British artist and designer (born 1964)

Toby Victor Mott (born 12 January 1964) is a British artist, designer, and sometime Punk historian recognised for co-founding the Grey Organisation, a 1980s artists' collective, and for creating the fashion brand Toby Pimlico. His Mott Collection, which holds more than 1,000 punk rock posters, flyers, and fanzines, has brought him renewed attention.

==Early life==
Toby Mott was born in London, son of academic Jim Mott and social worker Pam.

He later studied art at Westminster Kingsway College where Sid Vicious of the Sex Pistols was an alumnus. Mott was a founder member of the ASA (Anarchist Street Army, a late 1970s organisation that caused disturbances in the Pimlico area of London).
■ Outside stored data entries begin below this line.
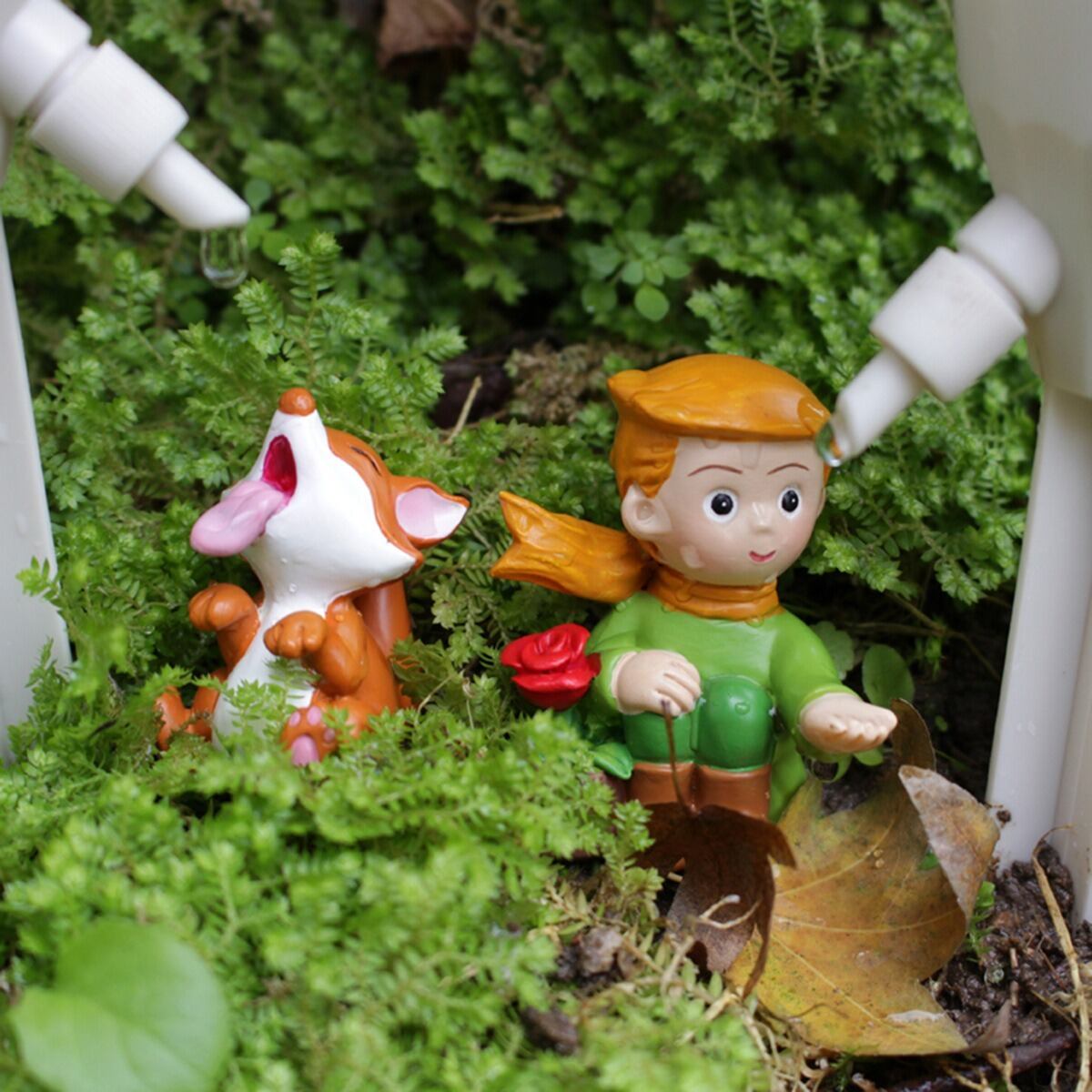 この自動水やり器は、長期間の旅行などでも安心してお使いいただける機能性を兼ね備えています。水分を必要とする植物に自動的に水を供給し、手間を省きながら美しい庭を維持することが可能です。王子様とキツネの愛らしい姿が、見る人々の心を癒し、楽しいひとときを提供する素敵な存在となることでしょう。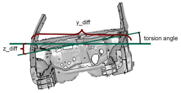 Define the torsion angle: We need to define two expressions before calculating torsion angle. The first one is the difference between the displacements in z direction we defined above (z_diff = z_displ_2000804 - z_displ_2000805). And the second one ist the difference between the coordinates of the displacements in y direction ( y_coord_diff = y_displ_2000804 - y_displ_2000805+1122.4566) The value 1122.4566 is the initial distance between the y coordinates. Now we can define the torsion angle: - From the possible history types select: Expression.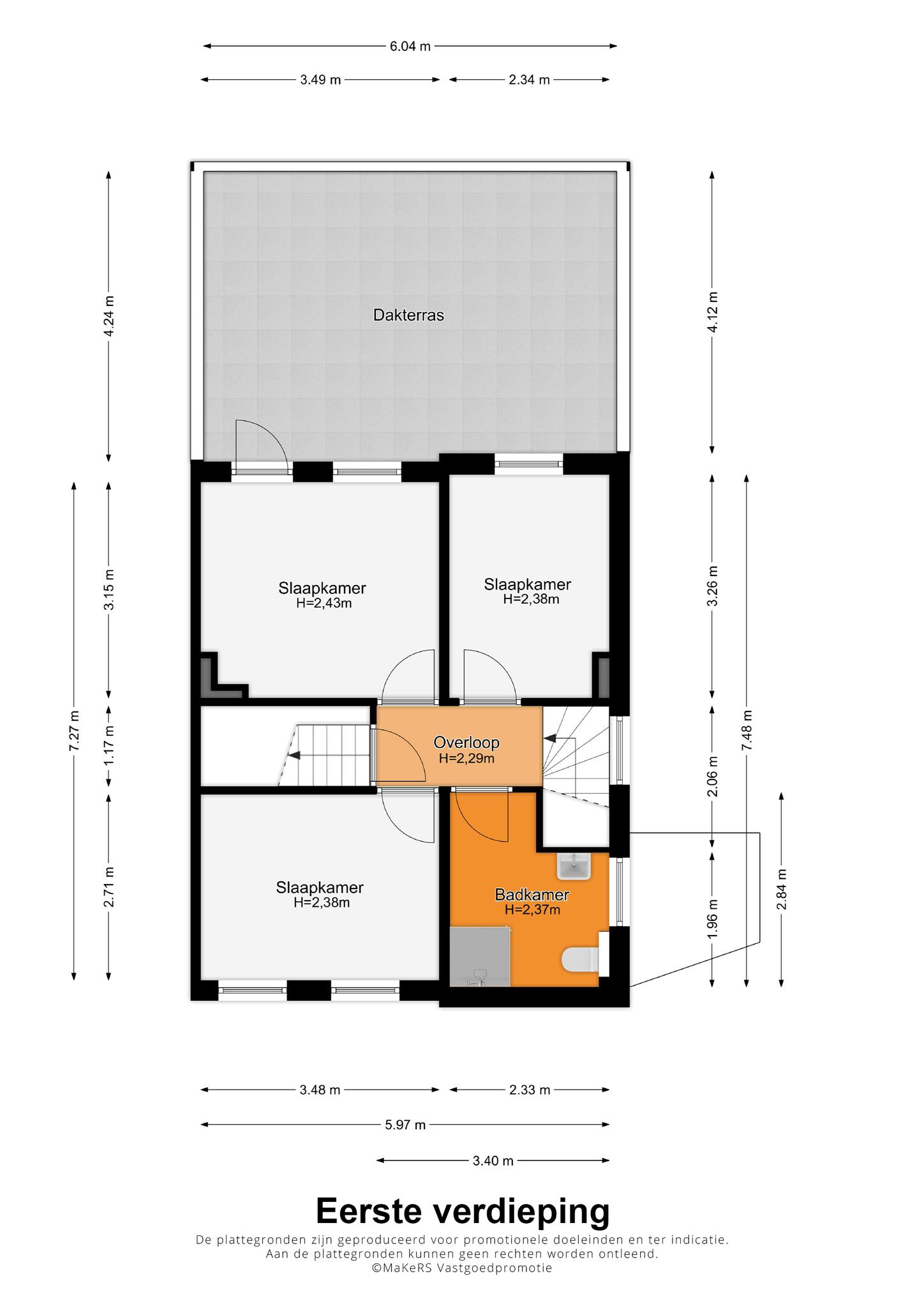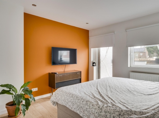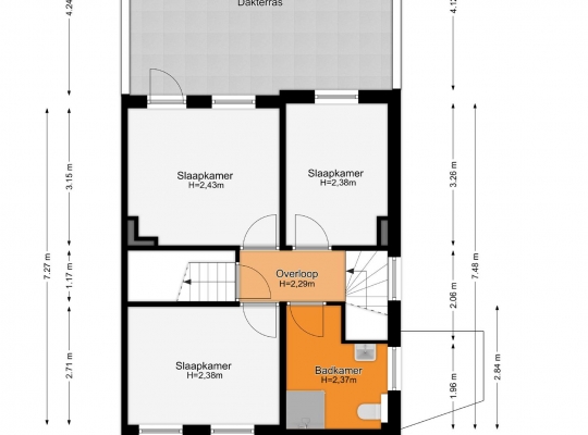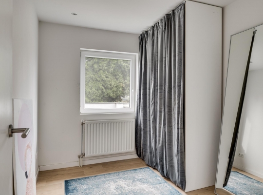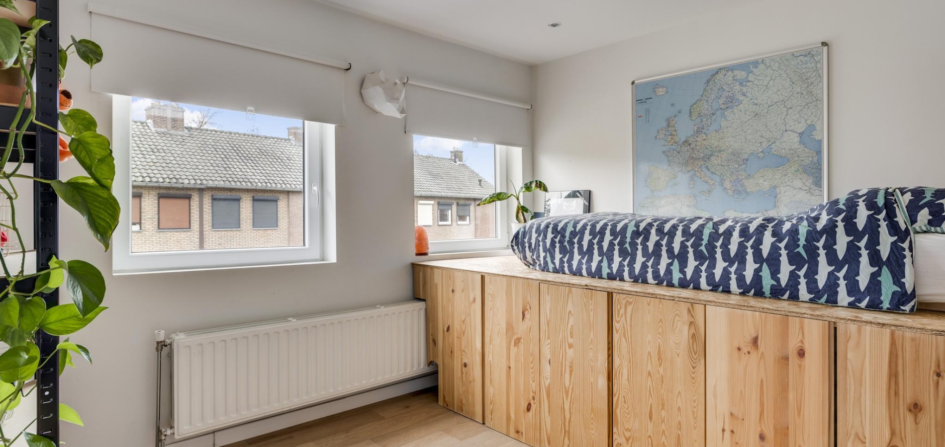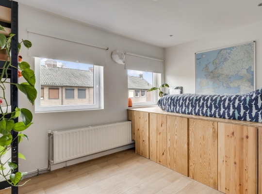 Slaapkamer I (3,48 x 2,71) bevindt zich aan de voorzijde en slaapkamer II (3,49 x 3,15) heeft een deur naar het dakterras. Ook slaapkamer III (3,26 x 2,34), te gebruiken als kleed- of kinderkamer, bevindt zich aan de achterzijde. Of zoekt u een ruime werkkamer op deze etage?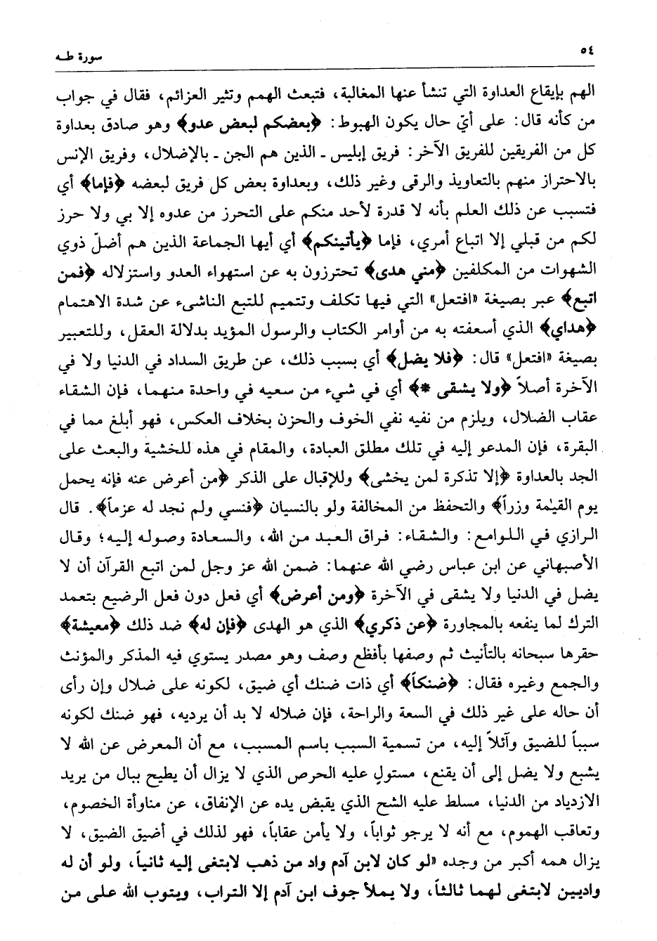الهم بإيقاع العداوة التي تنشأ عنها المغالبة ، فتبعث الهمم وتثير العزائم ، فقال في جواب من كأنه قال : على أيّ حال يكون الهبوط : ( بعضكم لبعض عدو ( وهو صادق بعداوة كل من الفريقين للفريق الآخر : فريق إبليس - الذين هم الجن - بالإضلال ، وفريق الإنس بالاحتراز منهم بالتعاويذ والرقى وغير ذلك ، وبعداوة بعض كل فريق لبعضه ) فإما ) أي فتسبب عن ذلك العلم بأنه لا قدرة لأحد منكم على التحرز من عدوه إلا بي ولا حرز لكم من قبلي إلا اتباع أمري ، فإما ) يأتينكم ) أي أيها الجماعة الذين هم أضلّ ذوي الشهوات من المكلفين ) مني هدى ( تحترزون به عن اتهوا العدو واستزلاله ) فمن اتبع ( عبر صيغة ( افتعل ) التي فيها تكلف وتتميم للتبع الناشىء عن شدة الاهتمام ) هداي ( الذي أسعفته به من أوامر الكتاي والرسول المؤيد بدلالة العقل ، وللتعبير بصيغة ( افتعل ) قال ( ) فلا يضل ) أي بسبب ذلك ، عن طريق السداد في الدنيا ولا في الآخرة أصلاً ) ولا يشقى ) أي في شيء من سعيه في واحدة منهما ، فإن الشقاء عقاب الضلال ، ويلزم من نفيه نفي الخوف والحزن بخلاف العكس ، فهو أبلغ مما في البقرة ، فإن المدعو غليه في تلك مطلق العبادة ، والمقام في هذه للخشية والبعث على الجد بالعداوة ) إلا تذكرة لمن يخشى ( وللإقبال على الذكر ) من أعرض عنه فإنه يحمل يوم القيامة وزرا ( والتحفظ من المخالفة ولو بالنسيان ) فنسي ولم نجد له عزماً ( .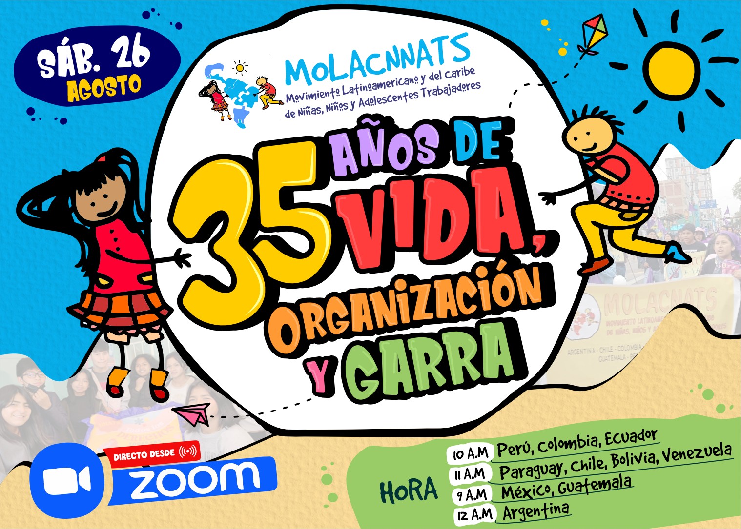 #INVITACIÓN ° Nuestro Movimiento Latinoamericano y del Caribe de Niñas, Niños y Adolescentes, Trabajadores – MOLACNNATS, hace extensiva la invitación para celebrar los primeros 35 años de vida, organización y garra defendiendo el trabajo digno como parte de nuestra cultura humana y el cumplimiento de los derechos de todas las infancias.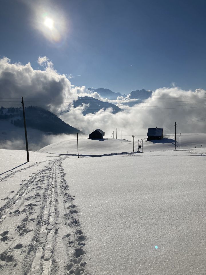 Heute beim PP Tscherwald (ca. 1280) gestartet. Winterausrüstung ab Hauptstrasse sinnvoll. Pulvrige Spur bis zum Gipfel. Harsteisen braucht’s im Moment nicht.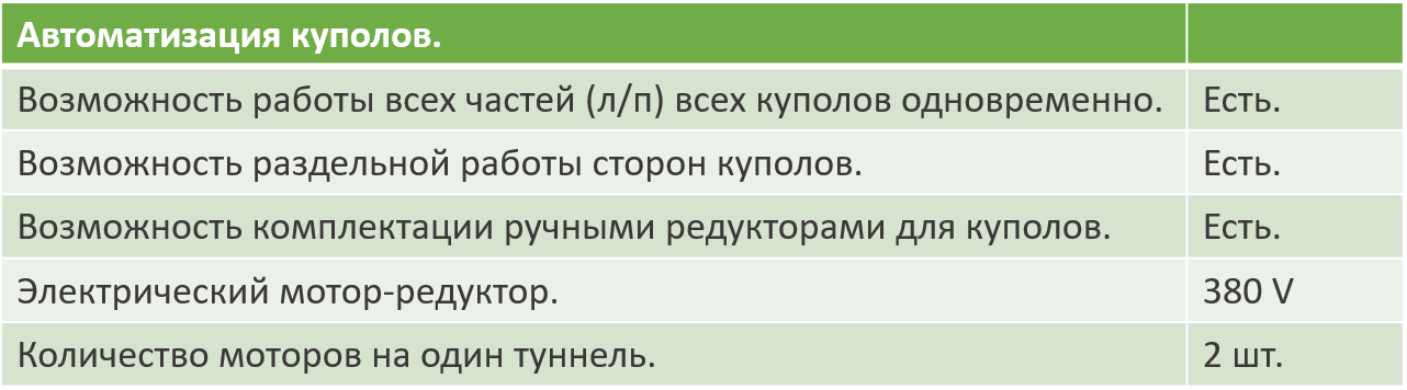 Двигателя приводов расположены в торцах туннеля. Такое расположение позволяет максимально синхронизировать скорость вращения валов. - Двигатель перемещается по направляющим, проемы закрыты вторым куполом пленки.

Mott lived at the Carburton Street squats in Fitzrovia during the early 1980s, sharing the space with Boy George, Marilyn, Cerith Wyn Evans, Fiona Russell-Powell, and Mark Lebon. He appeared in several Derek Jarman films from this era, including The Angelic Conversation and also appearing in Gilbert & George's "Exister" pieces from 1984, currently in the Tate Collection.

In the late 1980s and early 1990s he was based in New York and Los Angeles working part-time as a bicycle messenger and as an art director for MTV making music videos for various groups, among them Public Enemy, A Tribe called Quest and The Rolling Stones. In 1989, Mott designed album cover graphics for groups such as Information Society and De La Soul, most notably their debut album 3 Feet High and Rising.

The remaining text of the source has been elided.